### [Prompt]
All that belongs in the answer is the lines from the one containing "A council meeting" to the end of the listing below, copied exactly, pictures excluded.

### [Task material]

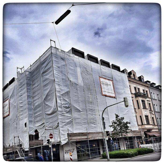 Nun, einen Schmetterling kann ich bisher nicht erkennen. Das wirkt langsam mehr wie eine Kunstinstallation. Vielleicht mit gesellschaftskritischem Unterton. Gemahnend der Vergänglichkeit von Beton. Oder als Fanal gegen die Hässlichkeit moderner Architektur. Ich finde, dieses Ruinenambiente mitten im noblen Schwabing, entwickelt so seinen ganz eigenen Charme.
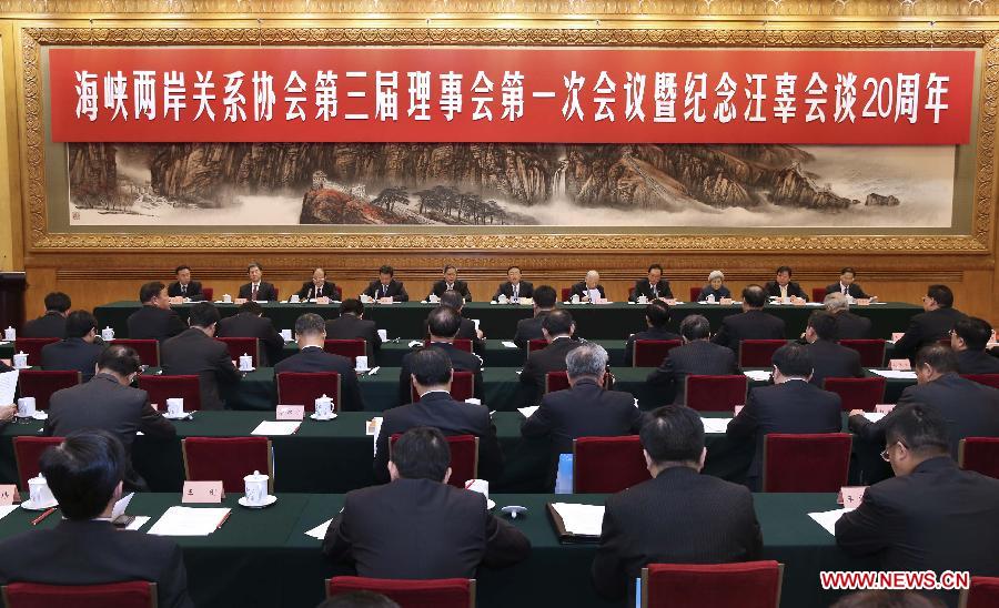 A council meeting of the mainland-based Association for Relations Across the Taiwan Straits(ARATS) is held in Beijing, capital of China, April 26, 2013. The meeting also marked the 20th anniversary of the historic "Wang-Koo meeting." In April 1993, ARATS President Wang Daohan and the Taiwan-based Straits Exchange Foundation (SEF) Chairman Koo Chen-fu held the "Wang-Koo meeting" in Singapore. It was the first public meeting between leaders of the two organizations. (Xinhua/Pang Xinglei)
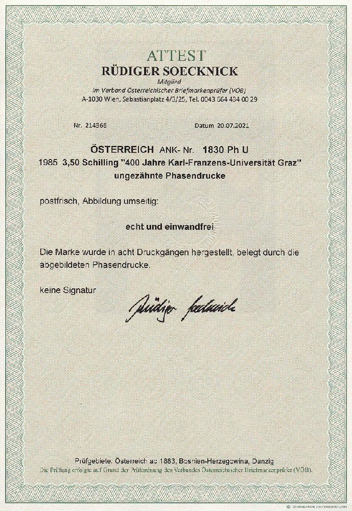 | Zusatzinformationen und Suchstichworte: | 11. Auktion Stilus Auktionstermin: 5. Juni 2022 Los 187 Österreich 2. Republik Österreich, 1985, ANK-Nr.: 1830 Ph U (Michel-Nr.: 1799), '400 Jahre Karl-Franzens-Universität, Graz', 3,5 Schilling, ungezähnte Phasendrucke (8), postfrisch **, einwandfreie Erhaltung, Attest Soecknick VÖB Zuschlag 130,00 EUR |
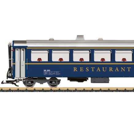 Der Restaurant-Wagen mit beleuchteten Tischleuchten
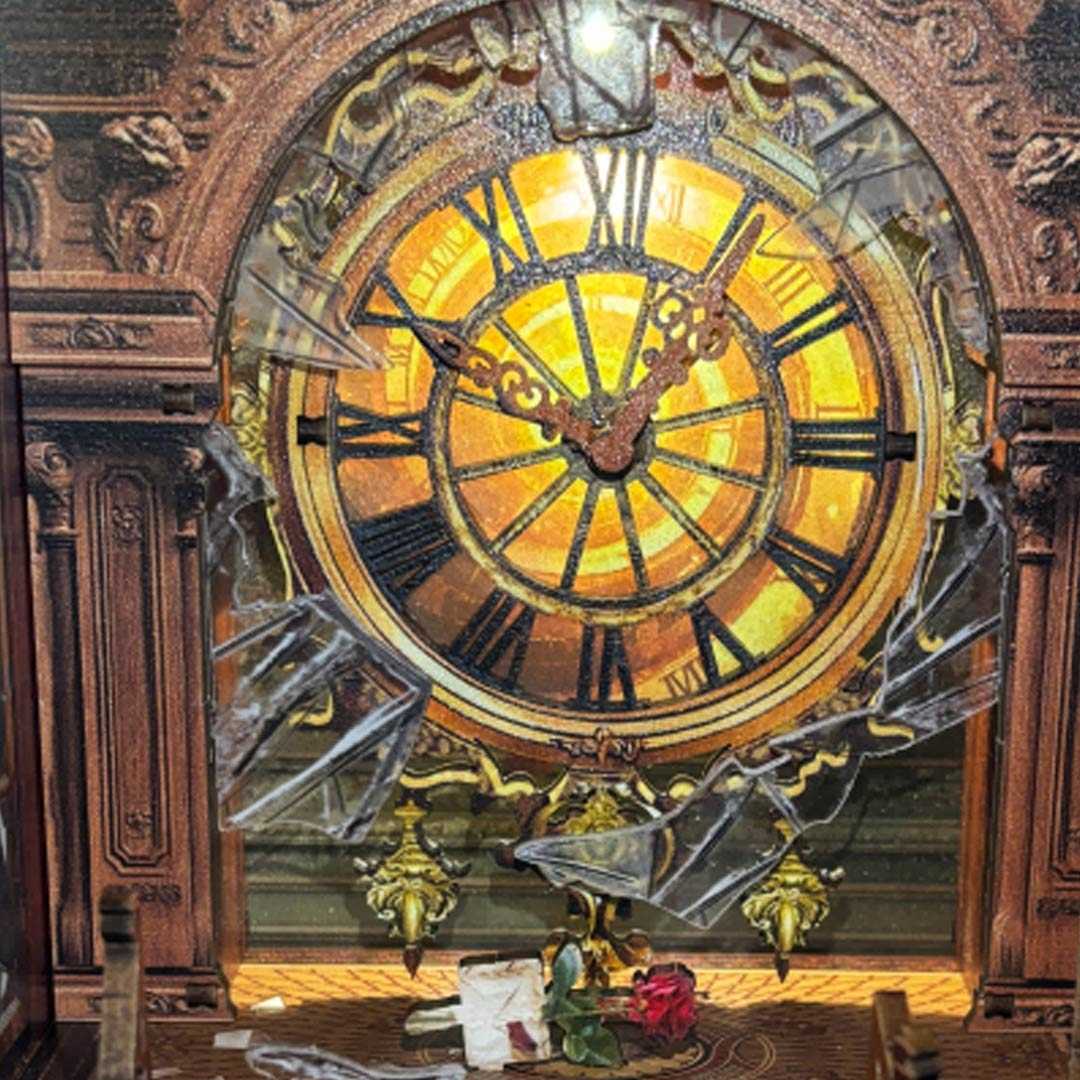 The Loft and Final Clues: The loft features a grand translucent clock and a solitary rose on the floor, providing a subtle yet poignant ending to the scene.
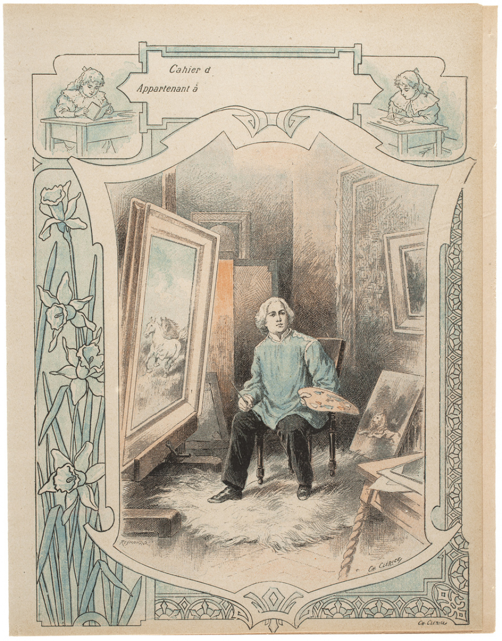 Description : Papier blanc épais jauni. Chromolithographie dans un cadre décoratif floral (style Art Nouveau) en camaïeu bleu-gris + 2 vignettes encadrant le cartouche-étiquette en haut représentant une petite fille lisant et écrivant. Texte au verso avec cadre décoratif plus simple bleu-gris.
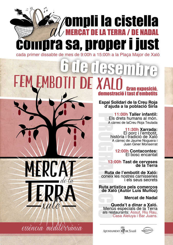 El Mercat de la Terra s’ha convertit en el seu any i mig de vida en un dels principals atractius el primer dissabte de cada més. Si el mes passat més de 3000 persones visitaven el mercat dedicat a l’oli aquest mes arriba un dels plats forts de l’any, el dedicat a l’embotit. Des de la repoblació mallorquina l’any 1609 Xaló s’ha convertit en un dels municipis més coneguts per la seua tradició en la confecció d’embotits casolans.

### [Exercise solution]
 A council meeting of the mainland-based Association for Relations Across the Taiwan Straits(ARATS) is held in Beijing, capital of China, April 26, 2013. The meeting also marked the 20th anniversary of the historic "Wang-Koo meeting." In April 1993, ARATS President Wang Daohan and the Taiwan-based Straits Exchange Foundation (SEF) Chairman Koo Chen-fu held the "Wang-Koo meeting" in Singapore. It was the first public meeting between leaders of the two organizations. (Xinhua/Pang Xinglei)
 | Zusatzinformationen und Suchstichworte: | 11. Auktion Stilus Auktionstermin: 5. Juni 2022 Los 187 Österreich 2. Republik Österreich, 1985, ANK-Nr.: 1830 Ph U (Michel-Nr.: 1799), '400 Jahre Karl-Franzens-Universität, Graz', 3,5 Schilling, ungezähnte Phasendrucke (8), postfrisch **, einwandfreie Erhaltung, Attest Soecknick VÖB Zuschlag 130,00 EUR |
 Der Restaurant-Wagen mit beleuchteten Tischleuchten
 The Loft and Final Clues: The loft features a grand translucent clock and a solitary rose on the floor, providing a subtle yet poignant ending to the scene.
 Description : Papier blanc épais jauni. Chromolithographie dans un cadre décoratif floral (style Art Nouveau) en camaïeu bleu-gris + 2 vignettes encadrant le cartouche-étiquette en haut représentant une petite fille lisant et écrivant. Texte au verso avec cadre décoratif plus simple bleu-gris.
 El Mercat de la Terra s’ha convertit en el seu any i mig de vida en un dels principals atractius el primer dissabte de cada més. Si el mes passat més de 3000 persones visitaven el mercat dedicat a l’oli aquest mes arriba un dels plats forts de l’any, el dedicat a l’embotit. Des de la repoblació mallorquina l’any 1609 Xaló s’ha convertit en un dels municipis més coneguts per la seua tradició en la confecció d’embotits casolans.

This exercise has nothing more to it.